NEW TAX PLANS AFFECT UTAH HOME OWNERS
The Final tax plan that will affect Utah Home Buyers and Owners has just been approved. One of the biggest new changes will be the proposed doubling of the standard deduction. This will leave very few people to itemize deductions and write off their mortgage interest. The plan increases the standard deduction for individual taxpayers who don’t itemize from $6,350 to $12,000, and from $12,700 to $24,000 for couples.
My opinion is raising the standard deduction is great for families and most people will save money on their taxes as the majority of tax returns that I review have itemized deductions far below $24,000. I think this is a great thing that will save a lot of people a lot of money. The National Association of Realtors (NAR) believes that this removes an incentive for people to purchase houses and that home values will decline 10%. I do agree with NAR to a degree, but I don’t believe this section will truly hurt home owners or lower home prices. In all my years of helping people buy houses not one has bought a home for the tax write-off. It’s a bonus, but my experience is that people buy homes to house their families, stop throwing money away on rent, and to better prepare for retirement.
The Current tax code allows home owners to deduct mortgage interest on loans up to $1,000,000. The New tax Plan lowers that to $750,000 on mortgages.
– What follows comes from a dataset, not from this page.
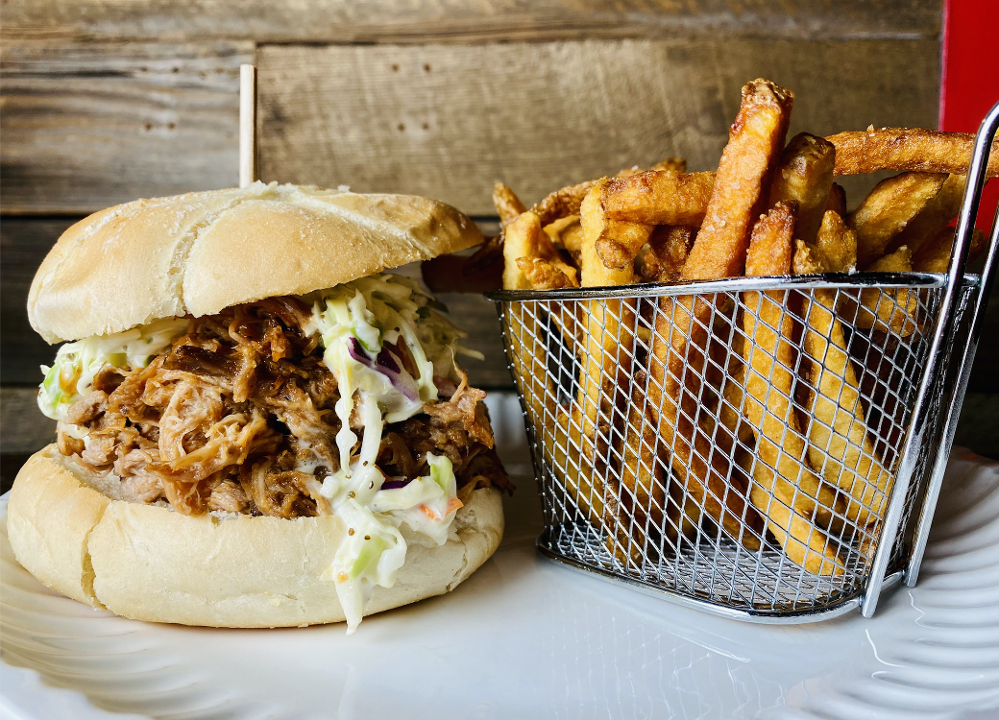 Smoked Pork, Brioche Bun, BBQ, Coleslaw

Some great news is that the final tax plan eliminated the verbiage changing the capital gains exclusion for primary residences. Currently if you live in your home for 2 out of the last 5 years you will not pay any capital gains taxes. The initial plans were a big concern for me because both the senate and house proposed tax plans increased the live-in time period to five out of the last eight years. This means that owners would need to live in their homes for 5 years in order to claim the exemption. If they were to sell their house prior to living in it 5 years they would be required to pay capital gains taxes. I am glad this changed.
I think had this been approved changing the live-in time period for the capital gains exemption is a tragedy. This would have caused fewer people to sell and purchase a new house, further tightening home inventory. If an individual gets a raise and wants to upgrade their home, they may think twice if they’ve experienced home appreciation. They would not be able to use all of their equity for the down payment on the next house because they would have to pay hefty capital gains taxes. This may cause fewer entry level houses to come up for sale and less buyers looking for move up properties.
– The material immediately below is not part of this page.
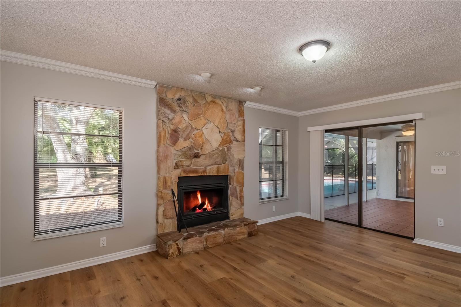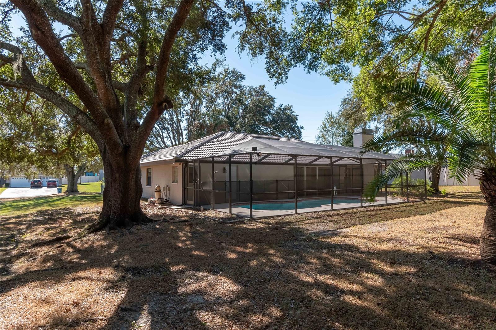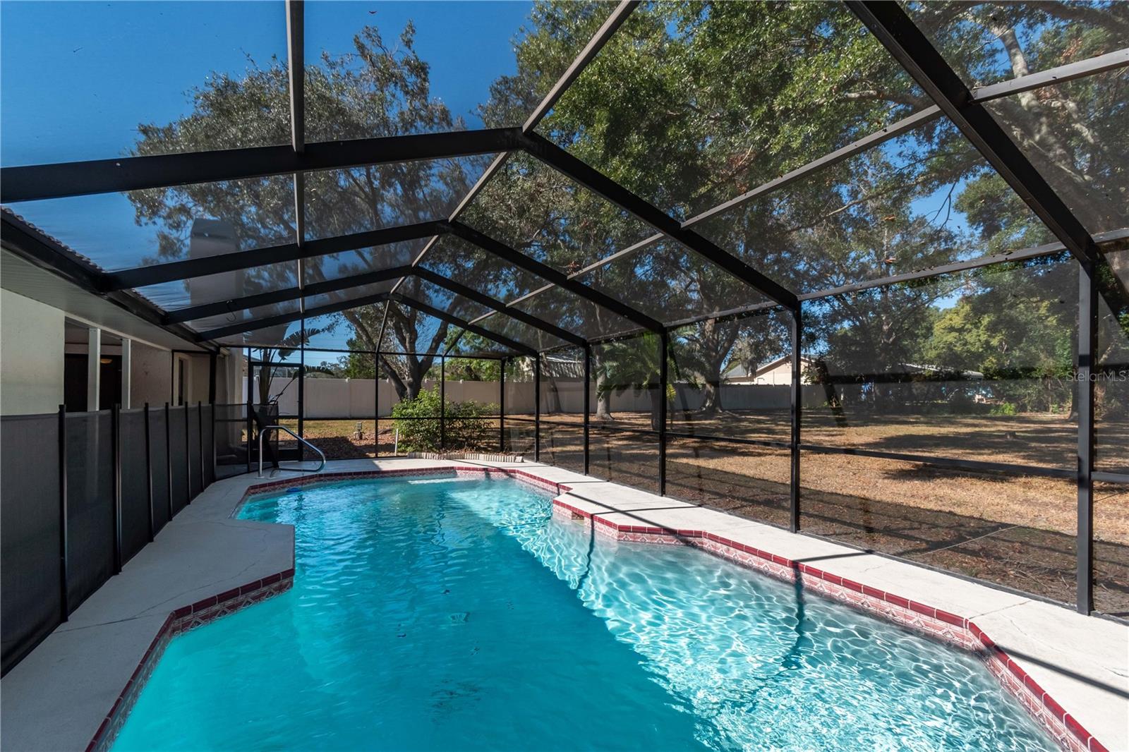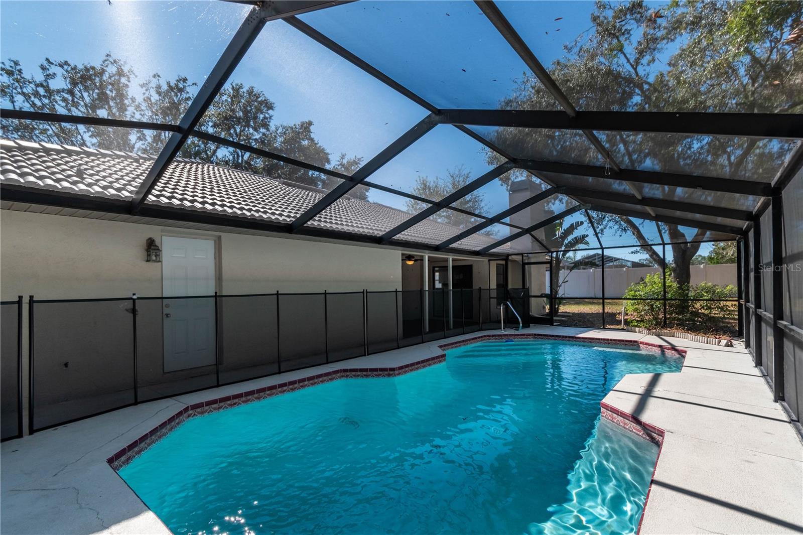 Back on the market! Don't miss out! Discover a rare gem: a 3-bedroom Spring Hill pool home, conveniently located just 5 minutes from the Suncoast Parkway in Springwood Estates, and with no HOA fees. This former model home sits on a vast .66-acre fenced lot with a barrel tile roof, recently painted interior and exterior, & luxury vinyl plank flooring throughout. Upon entering, you're greeted by a spacious foyer with French doors showing you a view of the pool area. Adjacent to the foyer is the formal living room with its high ceilings and expansive windows that provide the space with plenty of natural light. The kitchen is updated with new cabinets, stainless steel appliances and new countertops and has a breakfast bar & dinette area. The kitchen opens to the family room, complete with a wood-burning fireplace and sliding doors to the covered lanai and pool area. The bonus room could be used as a playroom, extra bedroom, or home office. The primary bedroom features a separate seating area with a view of the pool, a huge closet, a garden tub, and a separate shower. The primary bathroom offers pool access and functions as a pool bath. Both additional bedrooms are generously sized at 16' x 10'. The expansive backyard offers limitless possibilities with its mature trees providing shade and partial fencing for privacy. The covered lanai extends the living space, perfect for outdoor dining and entertainment. The screen-enclosed in-ground pool invites relaxation. Recent upgrades feature a new a/c unit in 2022, newer hot water heater, an irrigation well, and modern exterior light fixtures. All of this conveniently situated mere minutes from shopping, dining, schools and entertainment.

Lastly, are current home prices in a bubble and could they fall dramatically with this new tax plan? I don’t think so. I see home prices continue to appreciate modestly for the foreseeable future. I do not see home prices decreasing until there is a significant change in employment. Part of the new tax plan is lowering the corporate tax rate from 35% to 20%. This is going to cause big corporations to have significantly more money in their pockets allowing them to hire more employees and increase wages. I feel that the lowering of the corporate tax rate will keep the unemployment rate at record low levels for an extended time. Until the labor market gets significantly worse people will continue buying and upgrading homes, especially as their wages increase. The lowering of corporate taxes means more home appreciation for longer. If you don’t own, the longer you wait the more you will pay for a house when you do buy.